Data:
================
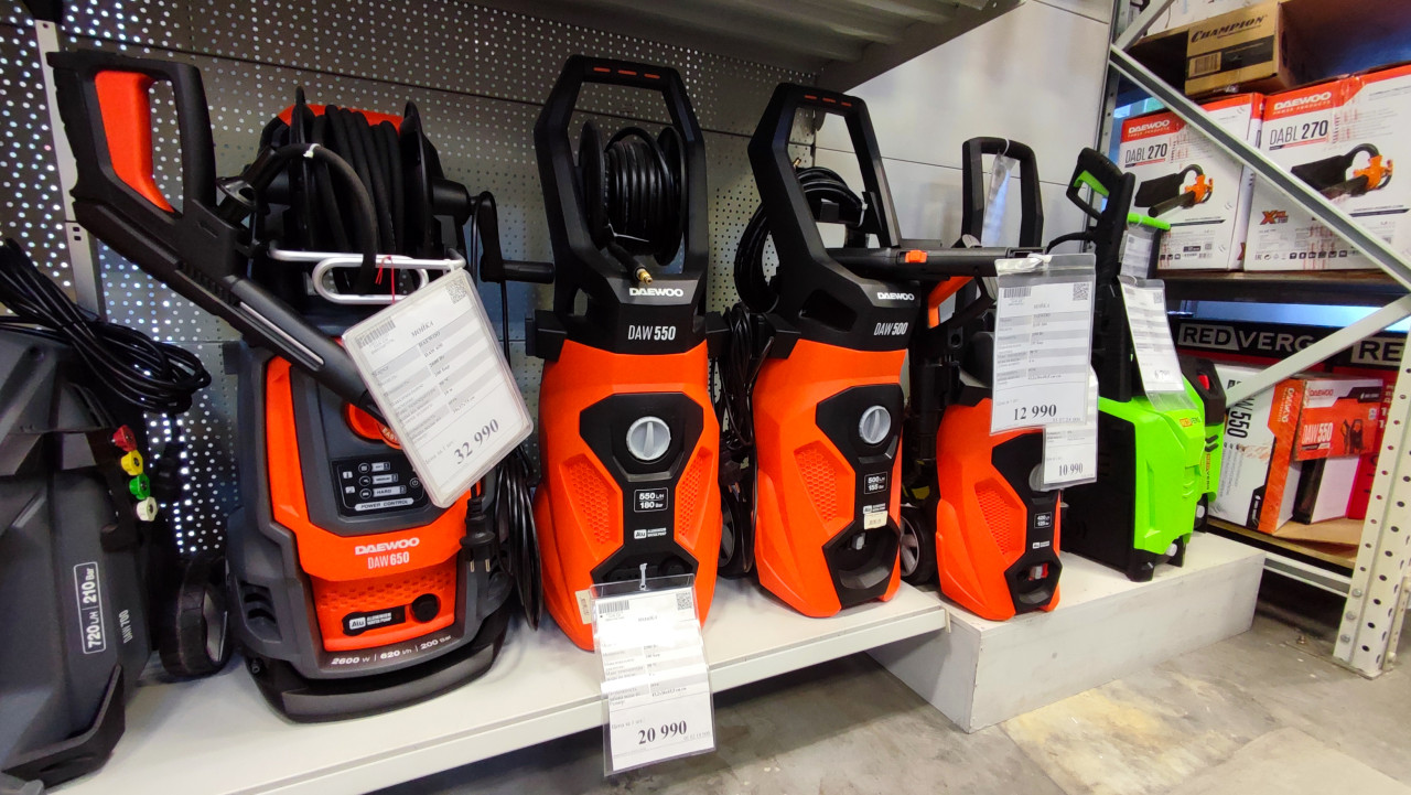 магазин садовый магазин товары для дачи товары для сада и огорода садовые товары розничная торговля витрина магазина стеллаж с товаром сезонные товары витрина мойка высокого давления Daewoo Karcher RedVerg оборудование инструмент торговый зал техника ассортимент бытовая техника моечная установка стеллаж ценники модели характеристики выбор инструмента каталог товаров магазин техники профессиональное оборудование мойка ремонт и уход устройства под давлением техничный ассортимент шланги корпус оборудования торговое оборудованиеПохожие фотографии
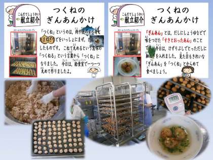 今日の給食は,スチームコンベクションオーブンで「つくね」を焼き,「すきとおったあん」という意味の「ぎんあん」をかけて食べる『つくねのぎんあんかけ』でした。
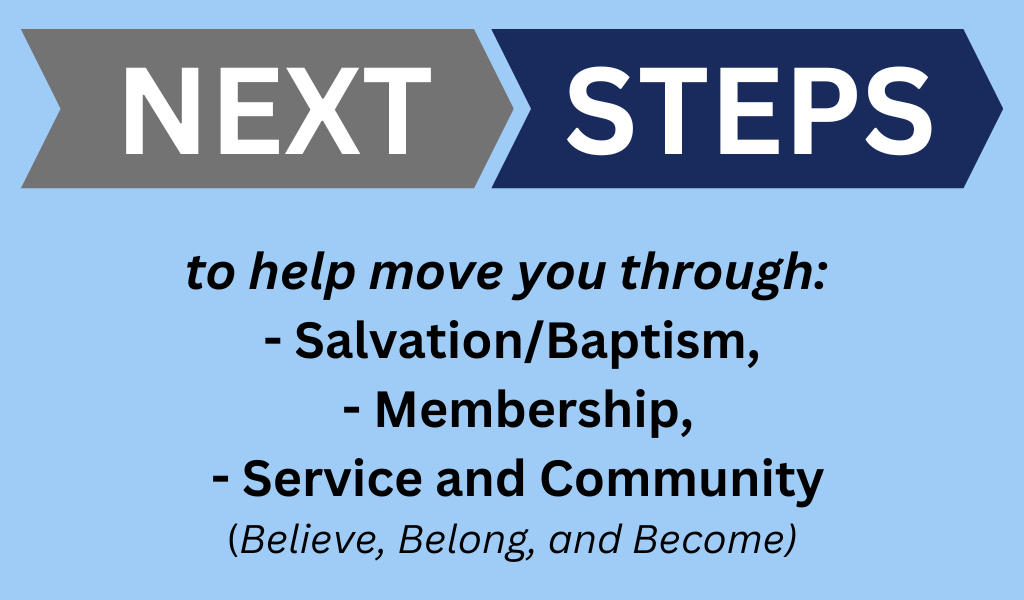 NEXT STEPS will help guide you to a path of full participation in the mission and ministry of Beulah. Our desire is to spend some dedicated time exploring and unpacking important, biblical matters related to salvation, baptism, membership, service, and community.
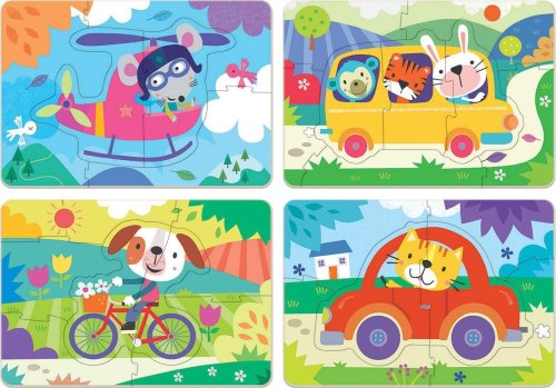 Progresívne detské puzzle od španielskej firmy EDUCA s rôznou obtiažnosťou, ktoré deti zabavia na dlhšiu dobu. Štyri samostatné puzzle o veľkosti 24 x 16 cm, ale s rôznym počtom dielikov (od 5 do 8), postupne vedú k zdokonaľovaniu dieťaťa pri skladaní a zvyšovaní obtiažnosti. Z každého motívu môžete tiež samostatne vybrať a poskladať celý dopravný prostriedok. Rozmer zloženého puzzle cca 24 x 16 cm
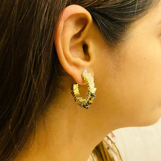 Confetti Crystal Earrings Greenish Tinted - Premium Collection Fashion Jewellery July 2022
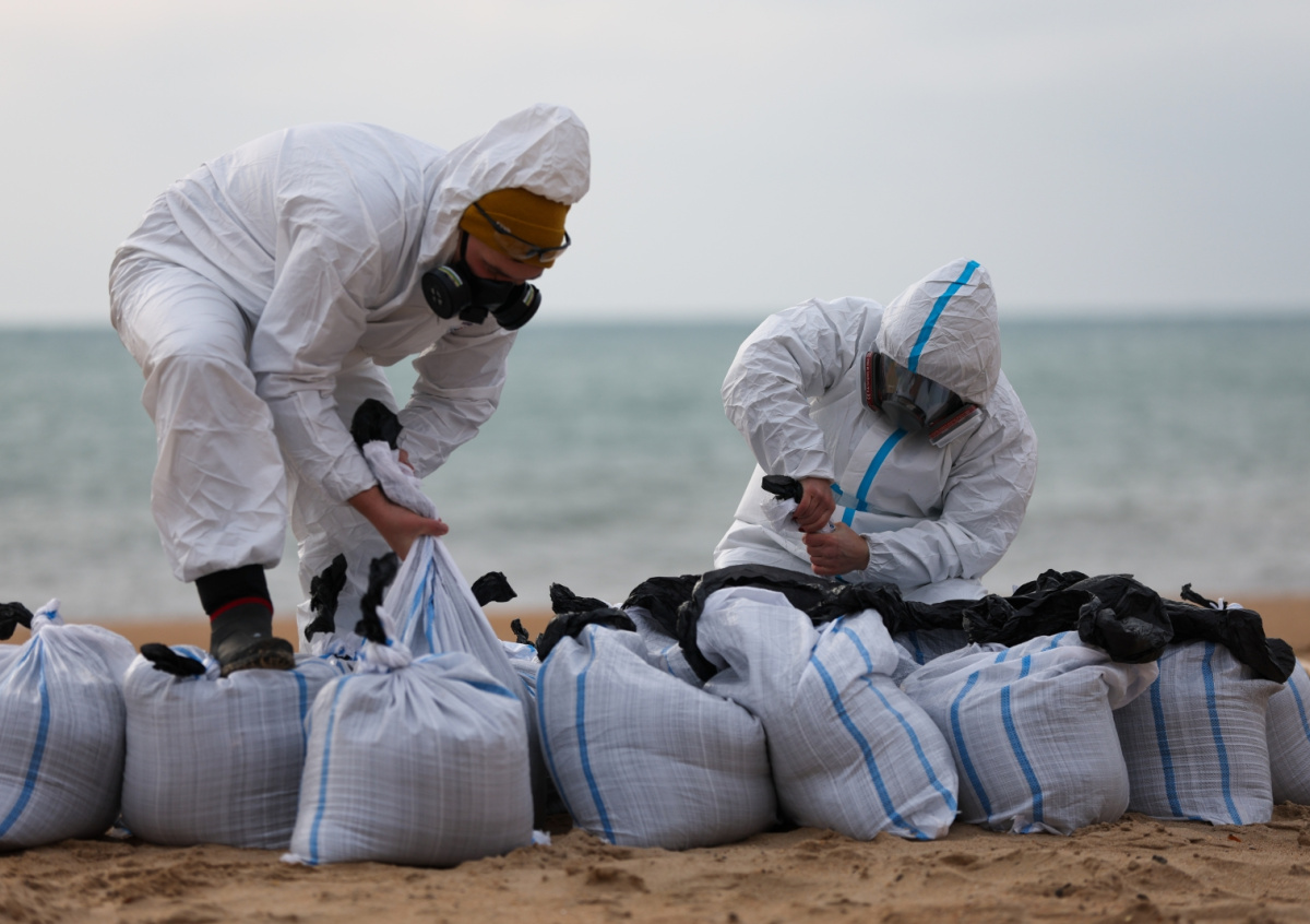 Ранее в оперштабе Кубани сообщали о шторме, произошедшем в ночь на 1 января. В результате него на пляжи Анапы вынесло еще больше мазута. На некоторых участках наблюдаются небольшие скопления мазута, однако есть и крупные. В Темрюкском районе повторных загрязнений выявлено не было. Протяженность территории, где проводятся работы по очистке, составляет 63 километра.
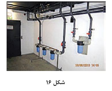 لوله ها مناطق بسيار مناسبى به منظور شكل گيرى بيوفیلم ها بوده و همواره حجم وسيعى از ميكروب ها را در درون خود جاى مى دهند. معمولا تا رسيدن آب تازه يا يون زدوده شده( دايونايز) به وان اصلى، اين آب مى بايست مسافتى بيش از 100 متر و يا چند طبقه اى را طى كند، (كه در طول مسير دچار افت فشار در مناطقى خواهد شد). در طول گذر آب از لوله ها، آب توسط گرماى حاصل از اتاق هاى توليد گرم شده و در نتيجه شرايط مناسبى براى رشد بيوفيلم ها فراهم مى شود. پاكسازى هاى شيميايى در لوله كشى ها تنها به صورت جزئى موثر بوده و به همين دليل است كه در تمامى پروسه هاى توليدى ،كنترل رشد بيوفيلم ها در لوله ها از اهميت بالایى بر خورداراست. با فيلترهاى ميكروبى AGXX كه در بخش خاصى از لوله ها كار گذاشته مى شوند، مشكل آلودگى خطوط لوله به ميزان زيادى كاهش میيابد. در شكل ١١ فيلترهاى ميكروبى AGXX كارگذاشته شده در خطوط لوله آب يون زدايى شده. نشان داده شده است. به منظور به حداكثر رساندن ميزان حفاظت، بهترين محل براى نصب اين فيلتر ها ، قبل از ورود آب به حمام واكنش است.
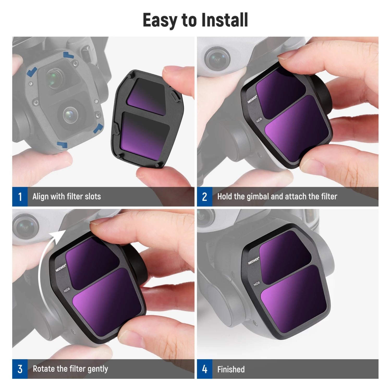 - Secure Twist On Installation– Remove the existing protective lens. Align the mounting tabs of the filter with the slots on the gimbal camera, then twist gently to secure. This ensures a firm and stable fit for smooth filming without affecting gimbal calibration
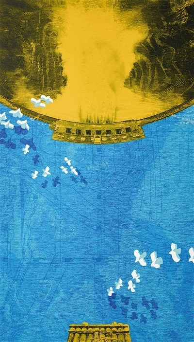 新時(shí)代長(zhǎng)江氣象萬(wàn)千。在重慶市文化和旅游發(fā)展委員會(huì)、重慶市文學(xué)藝術(shù)界聯(lián)合會(huì)等單位主辦的“2022同源·同向——長(zhǎng)江流域十三省市自治區(qū)美術(shù)作品邀請(qǐng)展”上,龐茂琨油畫(huà)《輝耀九龍》、徐君華粉畫(huà)《浦江之夢(mèng)》等作品,以充滿詩(shī)意的語(yǔ)言展現(xiàn)了日新月異的城鄉(xiāng)面貌與豐富多彩的現(xiàn)實(shí)生活。近年來(lái),一批重大工程的實(shí)施,為百姓生活帶來(lái)便利,使長(zhǎng)江流域涌動(dòng)活力。一些美術(shù)工作者充分發(fā)揮視覺(jué)藝術(shù)的力量感,反映長(zhǎng)江流域建設(shè)成就。比如,賀思恩版畫(huà)《蓄勢(shì)——破譯雅礱密碼》依托絲網(wǎng)版畫(huà)色彩表現(xiàn)力較強(qiáng)的藝術(shù)特色,以俯瞰視角,展現(xiàn)了長(zhǎng)江流域水電站的時(shí)代風(fēng)采。
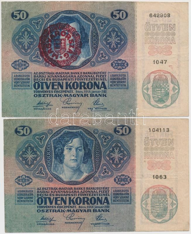 https://www.darabanth.com/en/265-Online-auction/265.0/Numismatics/Hungarian-Banknotes~400007/1914-1920-50K-3x-egyik-piros-MAGYARORSZAG-felulbelyegzessel-TIII~II1327490
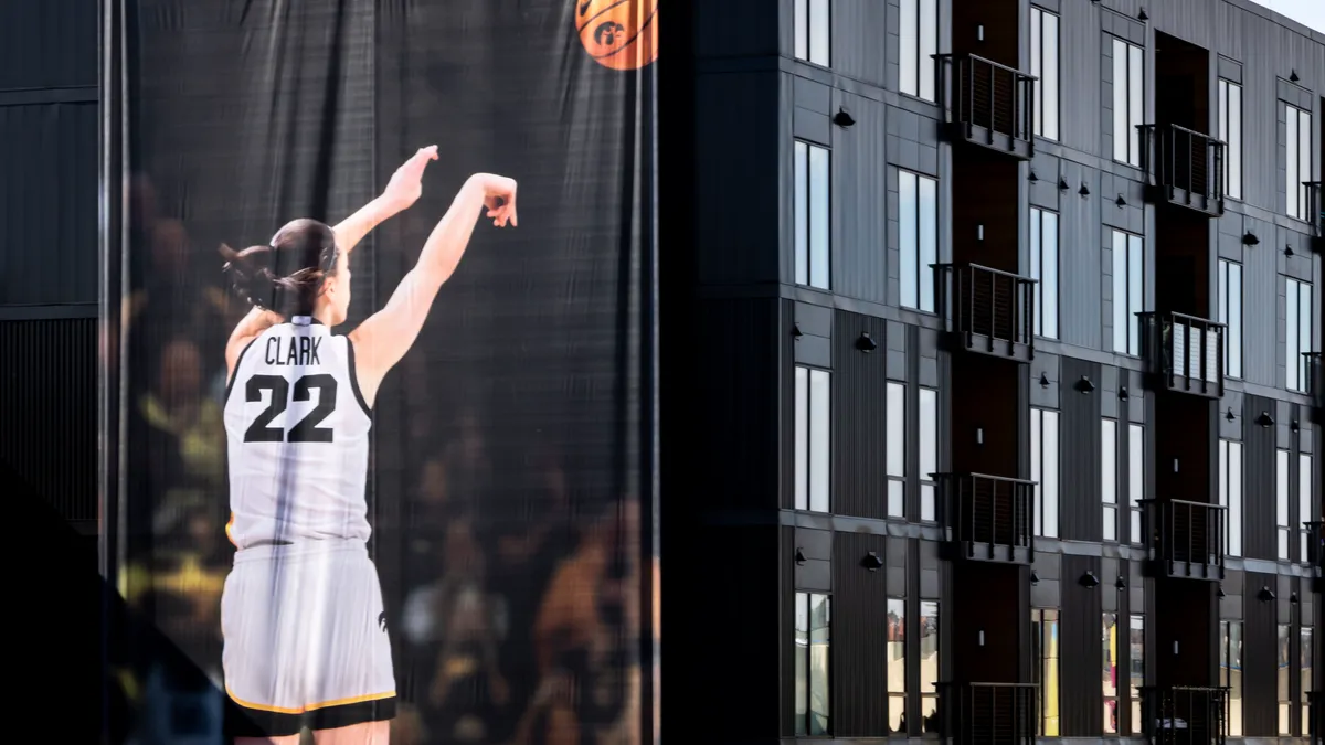 A giant Nike advertisement featuring basketball star Caitlin Clark has been unveiled in downtown Iowa City, showcasing the rising athlete's partnership with the brand and her impact on the local community. The larger-than-life billboard serves as a testament to Clark's growing influence in the world of sports and her connection to the city of Iowa.
================
Exercise requirements: Word-for-word transcript, pictures excluded: copy all the material above.

Problem solution:
 магазин садовый магазин товары для дачи товары для сада и огорода садовые товары розничная торговля витрина магазина стеллаж с товаром сезонные товары витрина мойка высокого давления Daewoo Karcher RedVerg оборудование инструмент торговый зал техника ассортимент бытовая техника моечная установка стеллаж ценники модели характеристики выбор инструмента каталог товаров магазин техники профессиональное оборудование мойка ремонт и уход устройства под давлением техничный ассортимент шланги корпус оборудования торговое оборудованиеПохожие фотографии
 今日の給食は,スチームコンベクションオーブンで「つくね」を焼き,「すきとおったあん」という意味の「ぎんあん」をかけて食べる『つくねのぎんあんかけ』でした。
 NEXT STEPS will help guide you to a path of full participation in the mission and ministry of Beulah. Our desire is to spend some dedicated time exploring and unpacking important, biblical matters related to salvation, baptism, membership, service, and community.
 Progresívne detské puzzle od španielskej firmy EDUCA s rôznou obtiažnosťou, ktoré deti zabavia na dlhšiu dobu. Štyri samostatné puzzle o veľkosti 24 x 16 cm, ale s rôznym počtom dielikov (od 5 do 8), postupne vedú k zdokonaľovaniu dieťaťa pri skladaní a zvyšovaní obtiažnosti. Z každého motívu môžete tiež samostatne vybrať a poskladať celý dopravný prostriedok. Rozmer zloženého puzzle cca 24 x 16 cm
 Confetti Crystal Earrings Greenish Tinted - Premium Collection Fashion Jewellery July 2022
 Ранее в оперштабе Кубани сообщали о шторме, произошедшем в ночь на 1 января. В результате него на пляжи Анапы вынесло еще больше мазута. На некоторых участках наблюдаются небольшие скопления мазута, однако есть и крупные. В Темрюкском районе повторных загрязнений выявлено не было. Протяженность территории, где проводятся работы по очистке, составляет 63 километра.
 لوله ها مناطق بسيار مناسبى به منظور شكل گيرى بيوفیلم ها بوده و همواره حجم وسيعى از ميكروب ها را در درون خود جاى مى دهند. معمولا تا رسيدن آب تازه يا يون زدوده شده( دايونايز) به وان اصلى، اين آب مى بايست مسافتى بيش از 100 متر و يا چند طبقه اى را طى كند، (كه در طول مسير دچار افت فشار در مناطقى خواهد شد). در طول گذر آب از لوله ها، آب توسط گرماى حاصل از اتاق هاى توليد گرم شده و در نتيجه شرايط مناسبى براى رشد بيوفيلم ها فراهم مى شود. پاكسازى هاى شيميايى در لوله كشى ها تنها به صورت جزئى موثر بوده و به همين دليل است كه در تمامى پروسه هاى توليدى ،كنترل رشد بيوفيلم ها در لوله ها از اهميت بالایى بر خورداراست. با فيلترهاى ميكروبى AGXX كه در بخش خاصى از لوله ها كار گذاشته مى شوند، مشكل آلودگى خطوط لوله به ميزان زيادى كاهش میيابد. در شكل ١١ فيلترهاى ميكروبى AGXX كارگذاشته شده در خطوط لوله آب يون زدايى شده. نشان داده شده است. به منظور به حداكثر رساندن ميزان حفاظت، بهترين محل براى نصب اين فيلتر ها ، قبل از ورود آب به حمام واكنش است.
 - Secure Twist On Installation– Remove the existing protective lens. Align the mounting tabs of the filter with the slots on the gimbal camera, then twist gently to secure. This ensures a firm and stable fit for smooth filming without affecting gimbal calibration
 新時(shí)代長(zhǎng)江氣象萬(wàn)千。在重慶市文化和旅游發(fā)展委員會(huì)、重慶市文學(xué)藝術(shù)界聯(lián)合會(huì)等單位主辦的“2022同源·同向——長(zhǎng)江流域十三省市自治區(qū)美術(shù)作品邀請(qǐng)展”上,龐茂琨油畫(huà)《輝耀九龍》、徐君華粉畫(huà)《浦江之夢(mèng)》等作品,以充滿詩(shī)意的語(yǔ)言展現(xiàn)了日新月異的城鄉(xiāng)面貌與豐富多彩的現(xiàn)實(shí)生活。近年來(lái),一批重大工程的實(shí)施,為百姓生活帶來(lái)便利,使長(zhǎng)江流域涌動(dòng)活力。一些美術(shù)工作者充分發(fā)揮視覺(jué)藝術(shù)的力量感,反映長(zhǎng)江流域建設(shè)成就。比如,賀思恩版畫(huà)《蓄勢(shì)——破譯雅礱密碼》依托絲網(wǎng)版畫(huà)色彩表現(xiàn)力較強(qiáng)的藝術(shù)特色,以俯瞰視角,展現(xiàn)了長(zhǎng)江流域水電站的時(shí)代風(fēng)采。
 https://www.darabanth.com/en/265-Online-auction/265.0/Numismatics/Hungarian-Banknotes~400007/1914-1920-50K-3x-egyik-piros-MAGYARORSZAG-felulbelyegzessel-TIII~II1327490
 A giant Nike advertisement featuring basketball star Caitlin Clark has been unveiled in downtown Iowa City, showcasing the rising athlete's partnership with the brand and her impact on the local community. The larger-than-life billboard serves as a testament to Clark's growing influence in the world of sports and her connection to the city of Iowa.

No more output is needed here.